[Feature] Memory resource predictor for primitives
Hi, I'd like to request a feature.
Context: In the project I develop (pytket-cutensornet), we make extensive use of cuTensorNet's primitive operations on tensors: tensor.decompose (both QRMethod and SVDMethod) and contract (applied often on only two/three tensors). We have encountered multiple cases where we reach OutOfMemory errors, and we would like to improve the user experience around these. To do so, we need to be able to detect if an OOM error would happen if we were to apply one of these primitives. With this, we sometimes may be able to prevent the OOM error, for instance, truncating tensors more aggresively before applying the primitive. Conceptually, this must be possible, since if I set CUTENSORNET_LOG_LEVEL=6, I can see how much workspace memory each primitive requests from the GPU, and I can keep track of how much memory I am using to store my tensor network on the GPU.
Feature request: A method for the user to obtain an upper bound of the GPU memory used by primitives contract, tensor.decompose (both QRMethod and SVDMethod) and experimental.contract_decompose on the inputs given by the user. Such method should not run the primitive itself, only inform of the memory resources it would require.
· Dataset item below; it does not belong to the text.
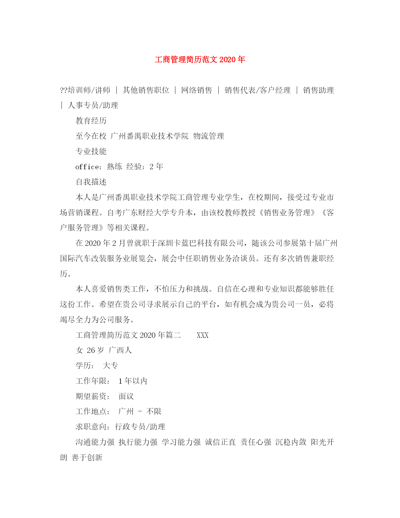 此资料由网络收集而来,如有侵权请告知上传者立即删除。资料共分享,我们负责传递知识。工商管理简历范文2020年??培训师/讲师|其他销售职位|网络销售|销售代表/客户经理|销售助理|人事专员/助理教育经历至今在校广州番禺职业技术学院物流管理专业技能office:熟练经验:2年自我描述本人是广州番禺职业技术学院工商管理专业学生,在校期间,接受过专业市场营销课程。自考广东财经大学专升本,由该校教师教授《销售业务管理》《客户服务管理》等相关课程。在2020年2月曾就职于深圳卡蓝巴科技有限公司,随该公司参展第十届广

Alternatively, I'd be happy with an optional memory_budget: int parameter passed to these primitives so that, if it requires more than the memory_budget, it does not apply the operation, and let's the user know it was skipped (but does not error out, or if it does, it throws an exception that can be handled at the Python level to recover from it).
If this sounds interesting, I'd be happy to provide more details of my use case and refine the feature request.
Thanks for the clear description of the feature request. :) I will discuss it with the team.
NetworkOptions.memory_limit is meant to act as the budge guide but it appears that there may be a bug that we didn't throw an MemoryError in decompose/contract_decompose when required memory exceeds the budget. Would it be sufficient if we throw this MemoryError with message on the actual required workspace size? Then you may be able to resolve it with try except handling?
Ah, I had not seen NetworkOptions.memory_limit, thanks for pointing that out!
Would it be sufficient if we throw this MemoryError with message on the actual required workspace size?
As long as it is guaranteed that the tensors were not modified if MemoryError is thrown, then this would indeed work for me. Receiving the actual required workspace size in the error message would be very useful.
What is the current behaviour for decompose when a memory_limit is set? I'm wondering if there is a workaround that I could play with while I wait for the bugfix (and addition of required space in the message).
The current decompose doesn't actually check options.memory_limit (this is a bug) on our side. Ideally we should check the workspace required like what we do in contract, see here.
For decompose, one just needs to insert the memory check here
For contract_decompose, it would be here
Thanks! Is there an expected date for a release including the bugfix and adding the extra info in the MemoryError message?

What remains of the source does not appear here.